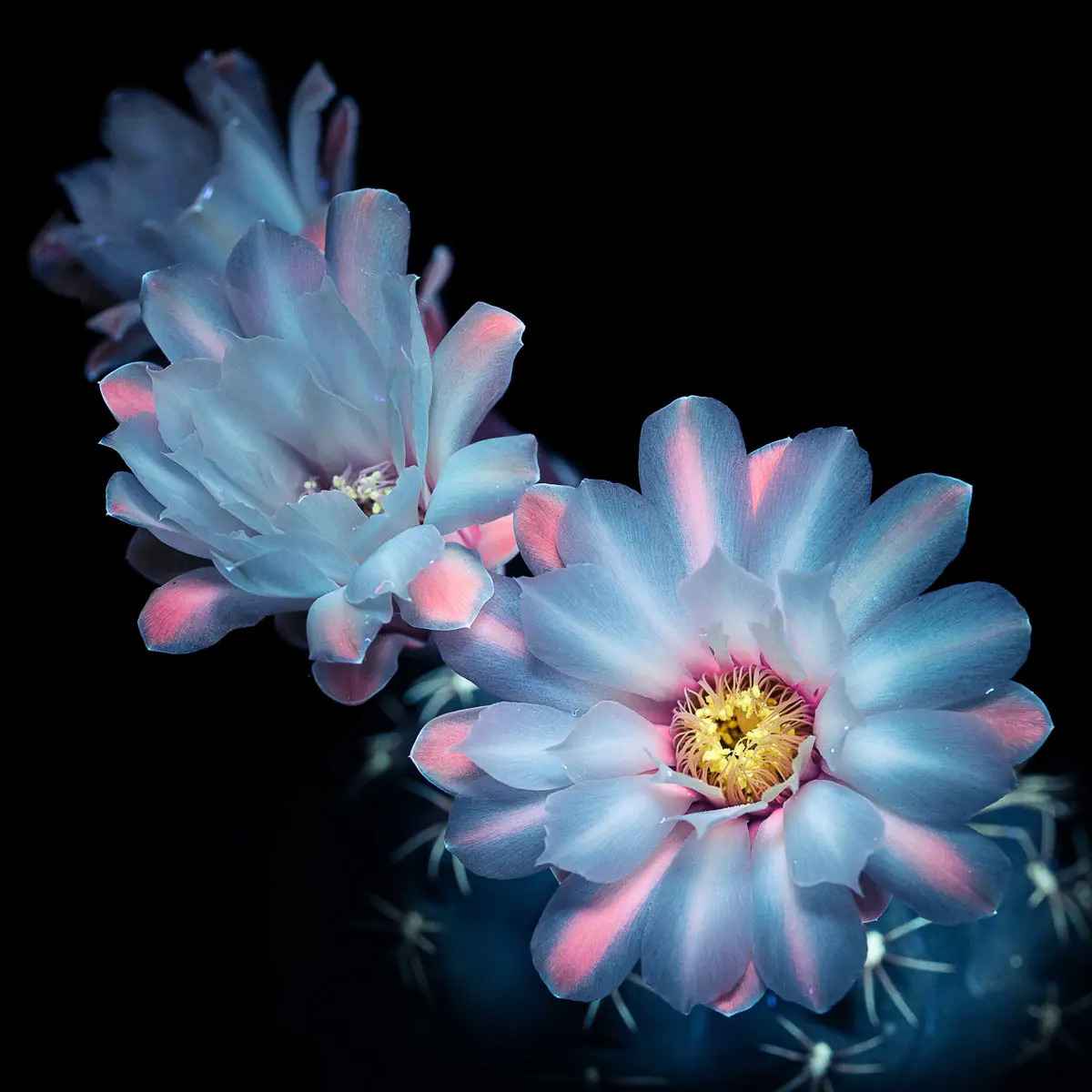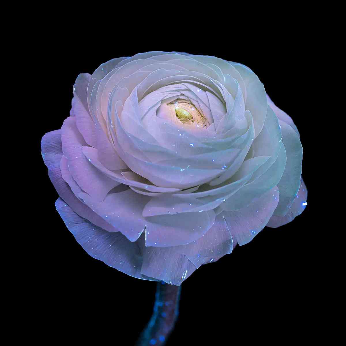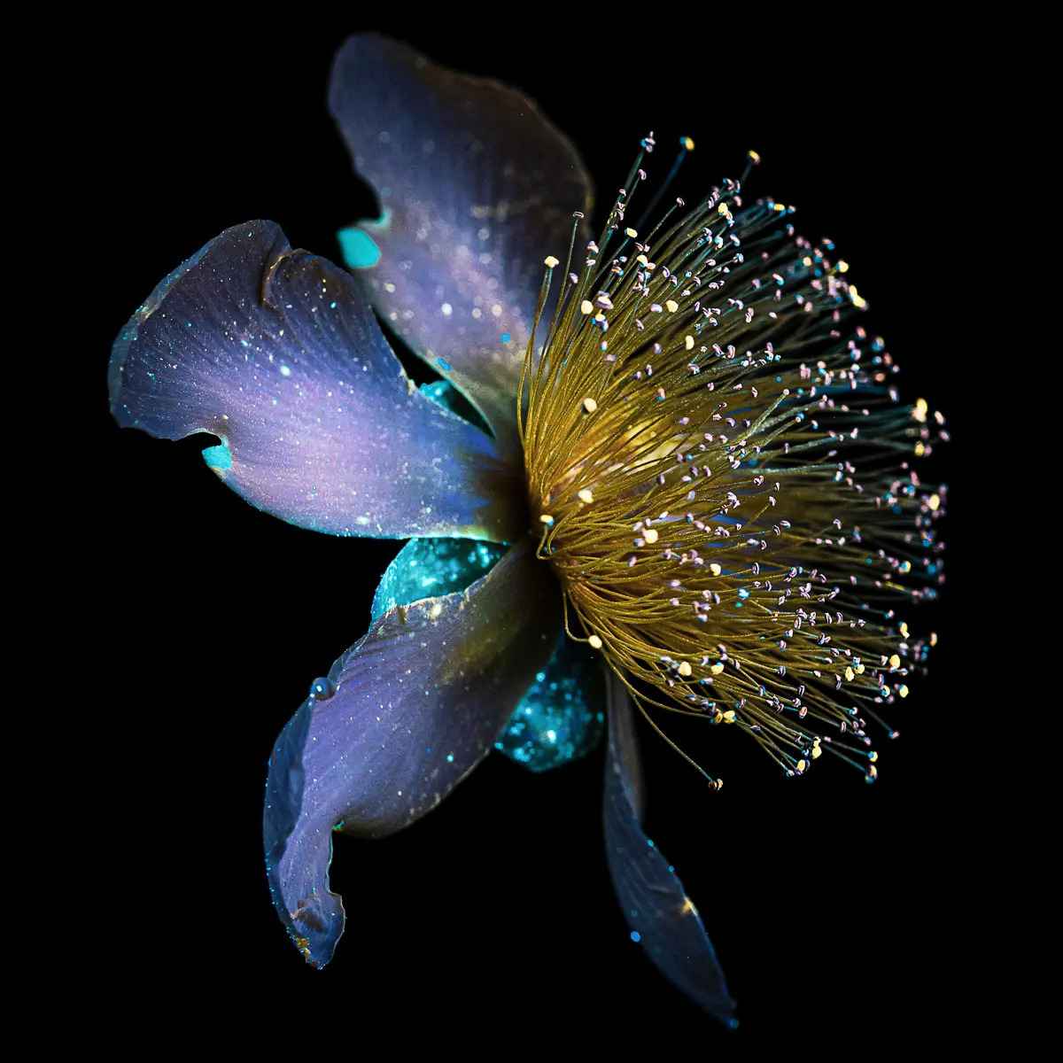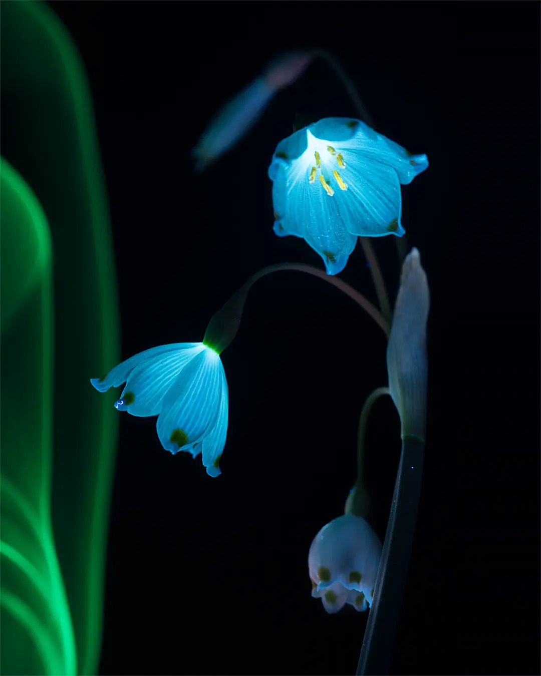 「每個鏡頭都是獨一無二的」,她說,「因為用紫外線手電筒照向花朵時,每次的角度不可能完全一致,而且每次拍攝時的光影效果也不同。」
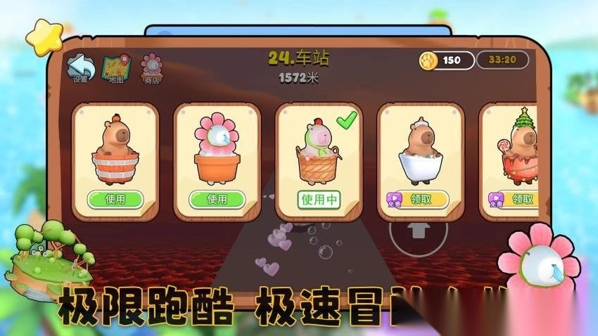 1、疾速冲刺体验将操控卡皮巴拉在多样场景中飞速穿梭,玩家通过灵活操作获取关键道具,感受风驰电掣的畅快感。
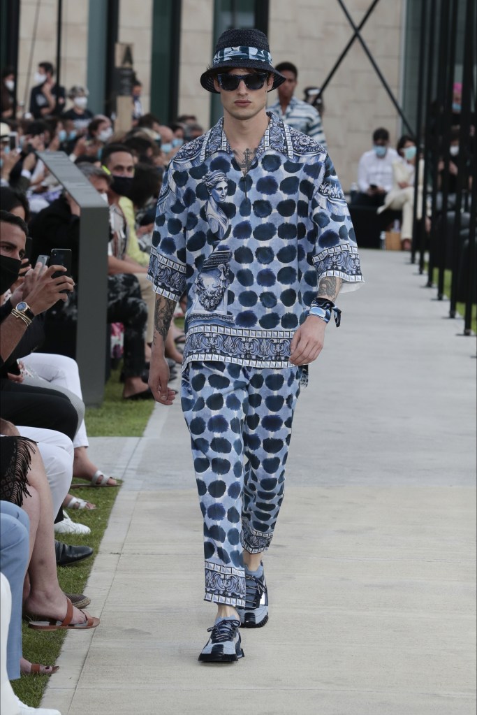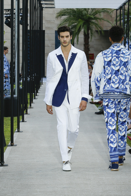 Nel parco dell’Ospedale Humanitas e con il sottofondo della voce dei tre tenori de Il Volo, sfila la nuova collezione uomo primavera estate 2021.
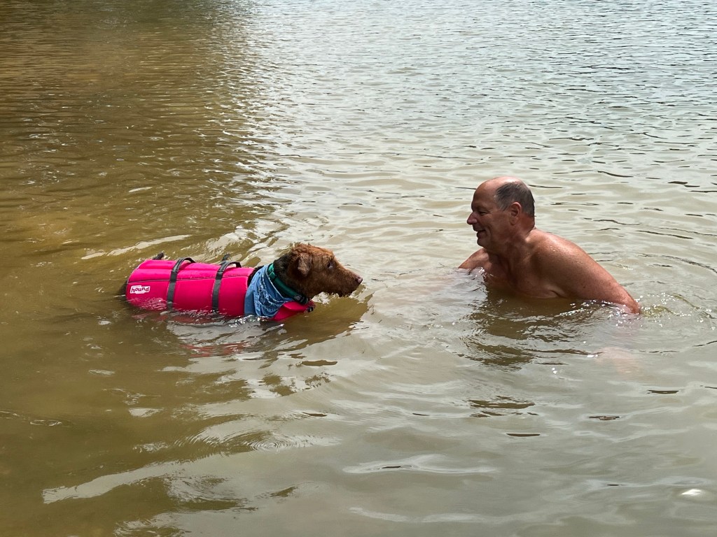 “Ready for another long swim to Fontana Dam and beyond. Starting at Tsali Campground tomorrow(9-7-2023) and hoping to finish at Calderwood Dam on Sunday(9-10-2023). I will be pulling my food and gear on a paddle board and camping along the way. You can follow me by clicking the link below. I am hoping to raise money for the TC Roberson Swimming and Diving program. Info on that later.”
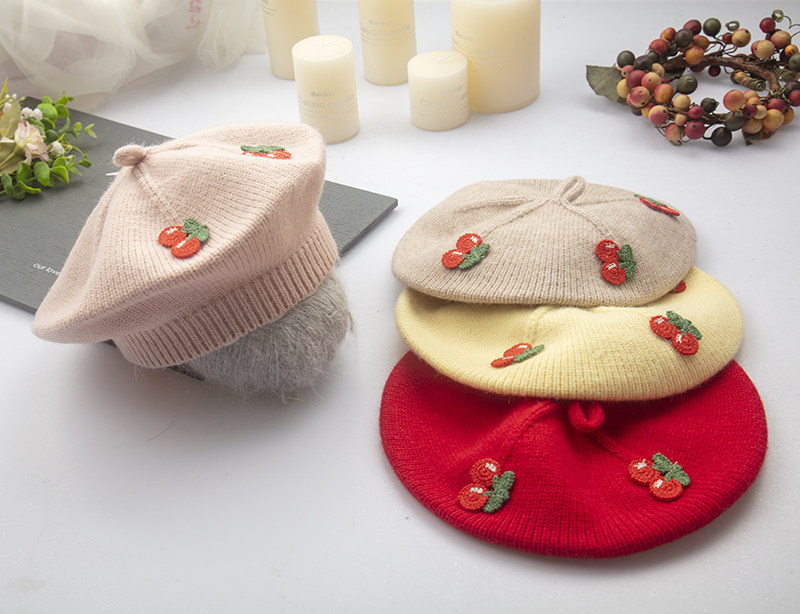 Оригинальный демисезонный милый модный берет для девочек, детская трикотажная клубника, 2023
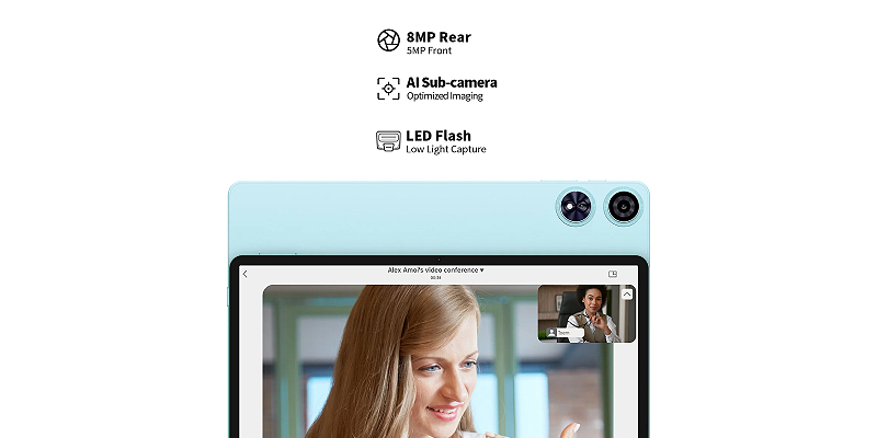 הטאבלט כולל מצלמה קדמית 5MP, מושלמת לפגישות ושיחות וידאו עם איכות ברורה ומקצועית.

####################

### PROMPT
Repeat the material above in full and unchanged, minus its images.

### OUTPUT BELOW
 「每個鏡頭都是獨一無二的」,她說,「因為用紫外線手電筒照向花朵時,每次的角度不可能完全一致,而且每次拍攝時的光影效果也不同。」
 1、疾速冲刺体验将操控卡皮巴拉在多样场景中飞速穿梭,玩家通过灵活操作获取关键道具,感受风驰电掣的畅快感。
 Nel parco dell’Ospedale Humanitas e con il sottofondo della voce dei tre tenori de Il Volo, sfila la nuova collezione uomo primavera estate 2021.
 “Ready for another long swim to Fontana Dam and beyond. Starting at Tsali Campground tomorrow(9-7-2023) and hoping to finish at Calderwood Dam on Sunday(9-10-2023). I will be pulling my food and gear on a paddle board and camping along the way. You can follow me by clicking the link below. I am hoping to raise money for the TC Roberson Swimming and Diving program. Info on that later.”
 Оригинальный демисезонный милый модный берет для девочек, детская трикотажная клубника, 2023
 הטאבלט כולל מצלמה קדמית 5MP, מושלמת לפגישות ושיחות וידאו עם איכות ברורה ומקצועית.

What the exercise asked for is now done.